Kyndalyn, Krase and Rhys all let fly with their bows and managed to fell one of the Gnolls before it joined the fray. Krase then charged forward intent on bringing his shortswords to bear on the Gnoll, the barbarian or both. As Krase approached the fight, Rhys lined up a careful shot that whizzed just above Krase's shoulder and struck the remaining Gnoll in the back. A chop from the barbarian's great-axe insures that the Gnoll won't rise again. Krase stops just in front of the barbarian and they eye each other suspiciously.

A shout from Kyndalyn in the barbarian tongue told the enraged warrior that he stood little chance if he wished to fight the four of them. The barbarian took a step back and lowered his great-axe all the while giving a disdainful sneer at Krase's puny shortswords.

The rest of the party approached the tense standoff between Krase and the axe wielding warrior of the western wilds. Kyndalyn, hoping to break the tension before any further blows were struck, asked, "Isn't it a little late in the year for a Coritani to be on this side of the river?"

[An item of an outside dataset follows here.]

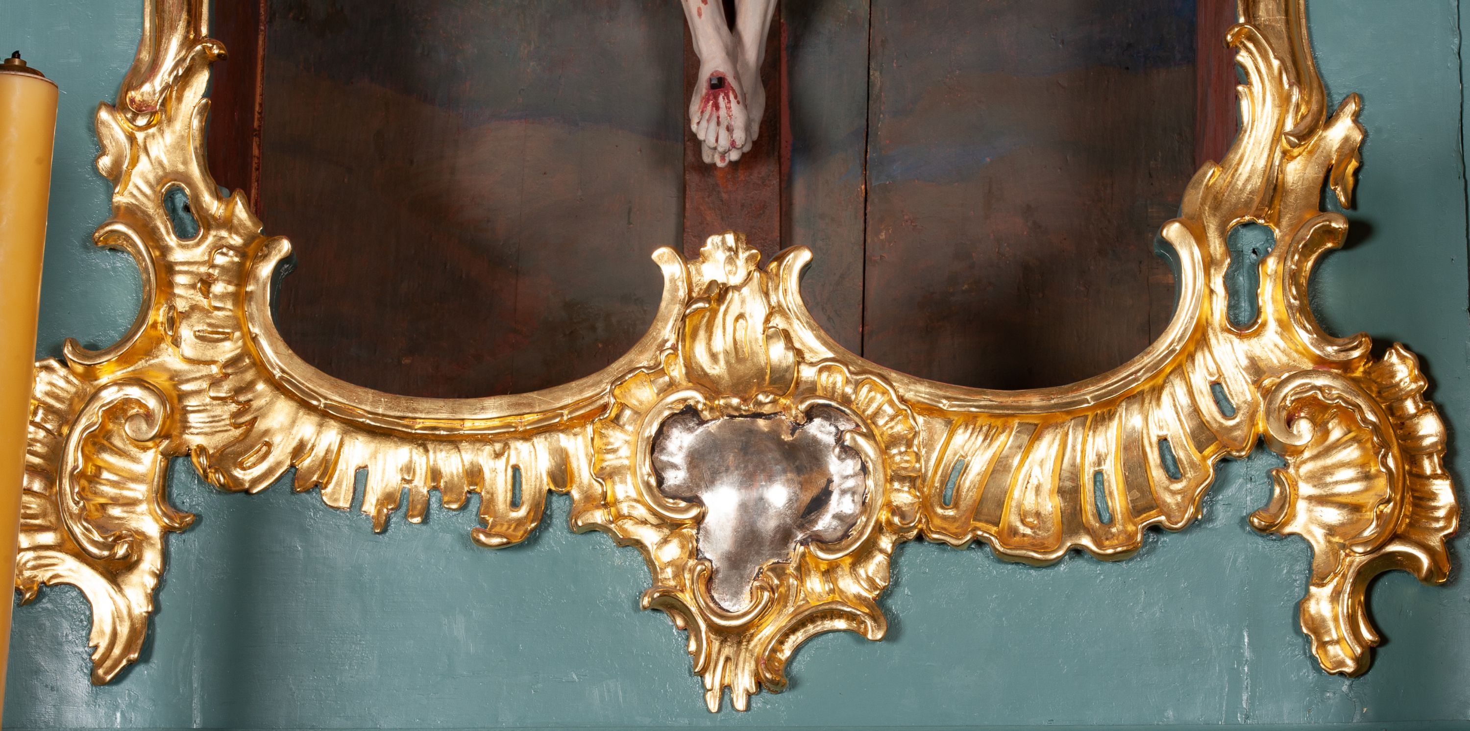 W inwentarzu z 1754 roku, w części, gdzie opisano wyposażenie ówczesnej świątyni w Podstolicach, wymienione są 4 ołtarze, w tym 3 boczne – jeden z cudownym wizerunkiem Boskiej Łaskawej, drugi („lewy”) poświęcony Matce Boskiej Niepokalanie Poczętej „sprawiony do kościoła w pierwszej połowie XVIII wieku” oraz trzeci („prawy”): „na mensie tego był postawiony drewniany rzeźbiony krucyfiks”. W 1846 roku jeden z ołtarzy bocznych został pozłocony sumptem Jakuba Burmera z Podstolic. Dwa z wymienionych retabulów zostały przeniesione do nowo wzniesionej w 1870 roku świątyni. Można przypuszczać, iż omawiane retabulum w powyższym ołtarzu zostało opisane, jako prawe, zwierające wizerunek Jezusa Ukrzyżowanego.
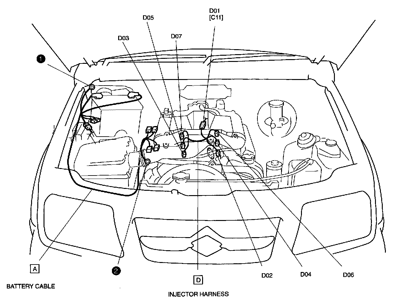 Battery Cable (Connectors "A") and Injector Harness (Connectors "D")

The barbarian smiled and replied in broken imperial that he came seeking the Glynden Council. "Why exactly do you seek the Glynden Council?", Kyndalyn asked in return.

"I bear a message for them," said the barbarian.

Kyndalyn replied that he was one of the council members. The barbarian looked at each of the party members in an attempt to determine if Kyndalyn spoke the truth. Seeing no signs of duplicity and being outnumbered in any event, he cautiously handed over a scroll of imperfectly cleaned vellum with a few stray bits of hair still clinging to it.

"It's not a scroll, it's a squirrel," Rhys quietly joked to Krase. But Krase was in no mood for humor and his eyes did not flicker from the fixed gaze he held on the barbarian. The barbarian stared back contemptuously at the hunter, showing that a skinny town boy with a couple of overgrown cooking knives was of no concern to him.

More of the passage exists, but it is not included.